» **WHAT THE EXERCISE ASKS**
Please print the line that holds "于本科生党支部4月23日下午" and each line after it to the end of the data, word for word, without any pictures.

» **DATASET CONTENT**
Content starts
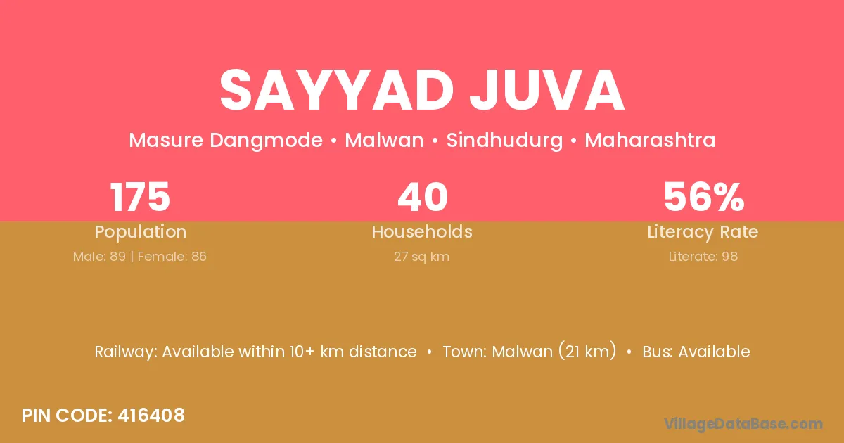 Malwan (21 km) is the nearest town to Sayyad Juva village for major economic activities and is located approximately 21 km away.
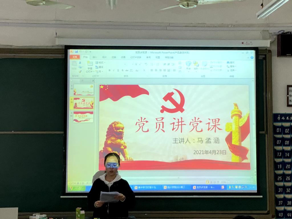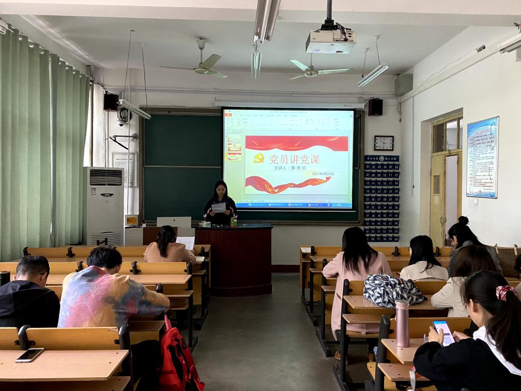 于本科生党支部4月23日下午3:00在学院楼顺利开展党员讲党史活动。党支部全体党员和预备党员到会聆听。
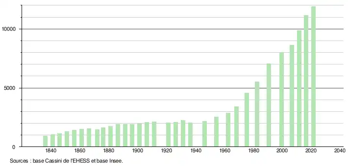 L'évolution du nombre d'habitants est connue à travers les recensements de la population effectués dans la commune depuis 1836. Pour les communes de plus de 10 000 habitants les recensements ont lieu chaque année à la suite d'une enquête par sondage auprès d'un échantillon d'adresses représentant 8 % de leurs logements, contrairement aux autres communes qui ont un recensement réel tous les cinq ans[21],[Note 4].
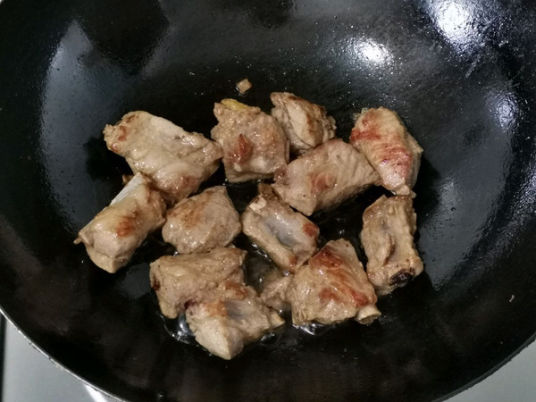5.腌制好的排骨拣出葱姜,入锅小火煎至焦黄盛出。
Content ends
» **ANSWER SECTION**
 于本科生党支部4月23日下午3:00在学院楼顺利开展党员讲党史活动。党支部全体党员和预备党员到会聆听。
 L'évolution du nombre d'habitants est connue à travers les recensements de la population effectués dans la commune depuis 1836. Pour les communes de plus de 10 000 habitants les recensements ont lieu chaque année à la suite d'une enquête par sondage auprès d'un échantillon d'adresses représentant 8 % de leurs logements, contrairement aux autres communes qui ont un recensement réel tous les cinq ans[21],[Note 4].
5.腌制好的排骨拣出葱姜,入锅小火煎至焦黄盛出。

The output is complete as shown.